When we keep options open we have more choices. But greater choice isn’t actually always beneficial. A large number of choices means more time weighing different  options. The more comparisons we have to make, the higher cognitive load. The result is stress, frustration, and fatigue.

When we have a number of options, we tend to evaluate them in terms of “missed opportunities.” We focus on what we might lose if we close a door. Yet we rarely think about what might happen if we dissipate our energy by leaving too many doors open.

A better strategy than FOMO (“Fear of Missing Out”) is to evaluate options according to their potential to help us reach a goal.  Tim might fear that dropping soccer will mean he never makes the school team. But if his goal is minor league hockey, then practicing soccer might actually be holding him back. He might be happier in the long run if he spends more of his time doing skating drills.

Making it Relevant

The results of the “door” experiment have some real-world implications. Think about how you spend your time. Do all of your leisure activities give you the same level of enjoyment? If you dropped one or more of the ones you enjoy less, would you have more time to spend on ones that give you more pleasure?

When choosing between options – or  helping others make choices – simplify the process.
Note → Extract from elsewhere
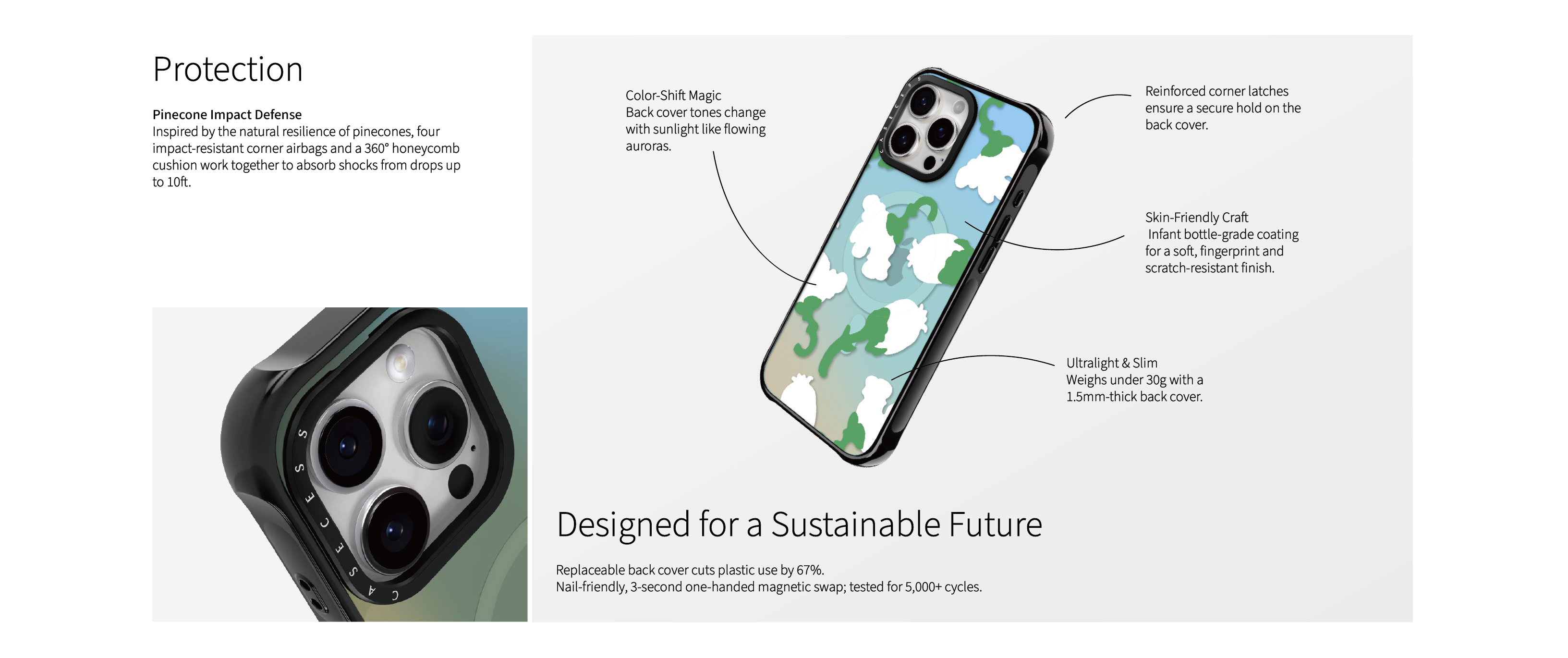 Reduce plastic waste by up to 67%. Swap the magnetic back cover, not the whole case. Style that evolves, sustainably.

Start by eliminating some options from the beginning. For example, if there are 5 options, eliminate the worst two. Simply take them off the table, so there are three options to choose from.

Finally, to chose the options that will most likely allow you to achieve your goals, you must know what those goals are. So spend some time thinking about what is important to you. Where do you want to be one year from now? Ten years? Knowing the answer to these questions – or at least spending some time thinking about them – should help you decide which doors to close.

Sources

Dan Ariely, Predictably Irrational: The Hidden Forces that Shape our Decisions, Harper Perennial, 2008.

Barry Schwartz, The Paradox of Choice – Why More Is Less, Harper Perennial, 2004.